The first way to generate the HTML file is to pass a previously-generated
.occupancy file to --occupancydisplay
. This must be used in conjunction with
the --occupancyindex
switch to specify which occupancy data from the specified
.occupancy file should be used to generate the display file. The argument
passed to --occupancyindex
is a zero-based index.
The second way is a legacy path which involves passing a file manually
generated from an .occupancy file. The format of this configuration file is one
parameter per line in the NAME=VALUE
format. The “VALUES” are taken from a
generated .occupancy file for a particular kernel.
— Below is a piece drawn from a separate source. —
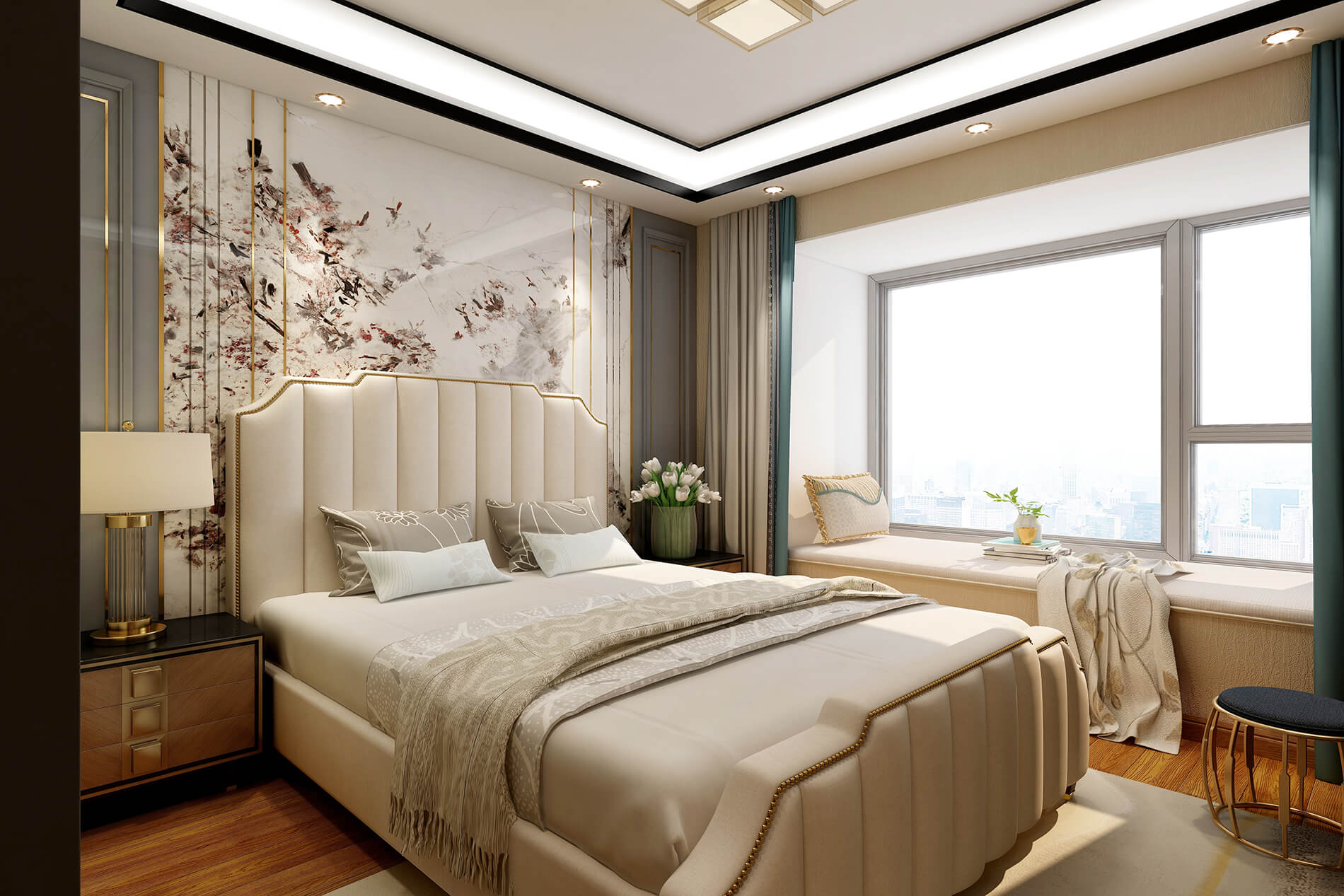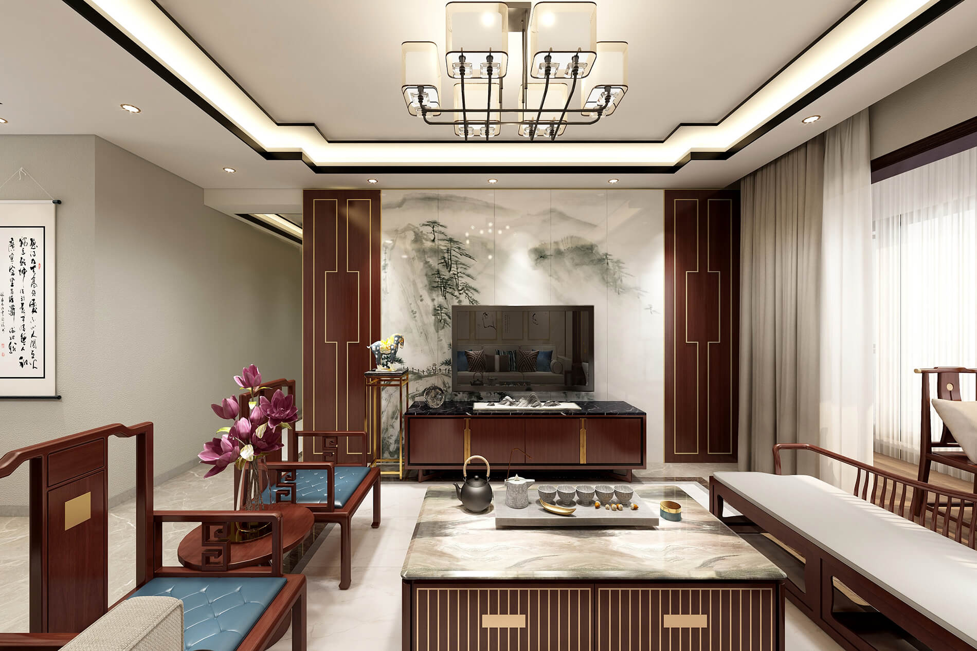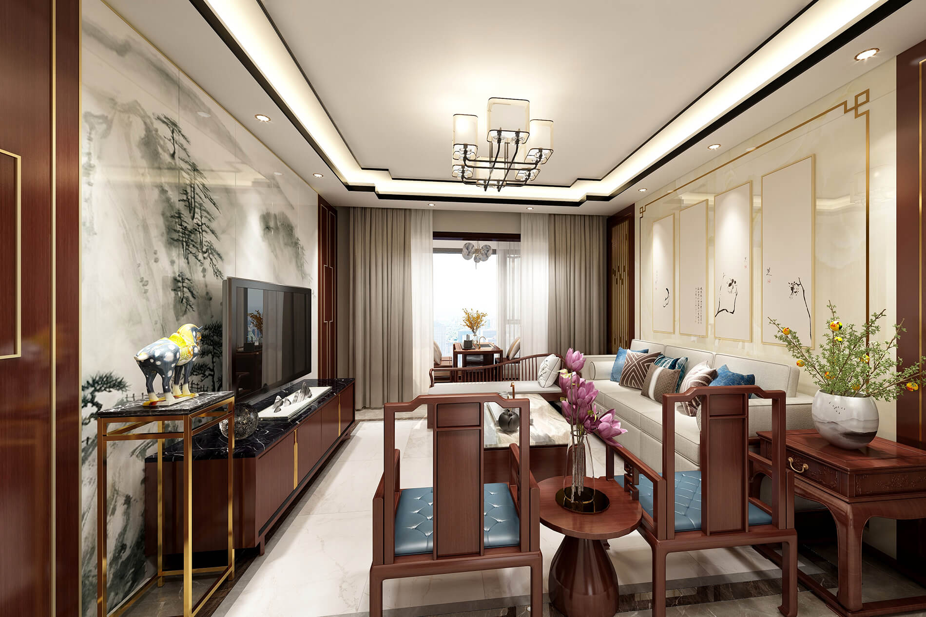綠地中央廣場141m²新中式風(fēng)格案例

An example of the contents of this file is given below:
ThreadID=3364
CallIndex=101
KernelName=reduce
DeviceName=Capeverde
ComputeUnits=10
MaxWavesPerComputeUnit=40
MaxWorkGroupPerComputeUnit=16
MaxVGPRs=256
MaxSGPRs=512
MaxLDS=32768
UsedVGPRs=11
UsedSGPRs=20
UsedLDS=4096
WavefrontSize=64
WorkGroupSize=256
WavesPerWorkGroup=4
MaxWorkGroupSize=256
MaxWavesPerWorkGroup=4
GlobalWorkSize=256
MaxGlobalWorkSize=16777216
WavesLimitedByVGPR=40
WavesLimitedBySGPR=40
WavesLimitedByLDS=32
WavesLimitedByWorkgroup=40
Occupancy=80
DeviceGfxIpVer=6
SimdsPerCU=4
This second method is currently used by the CodeXL UI. It is much easier to use the first method when manually generating Occupancy Display files using the profiler command line.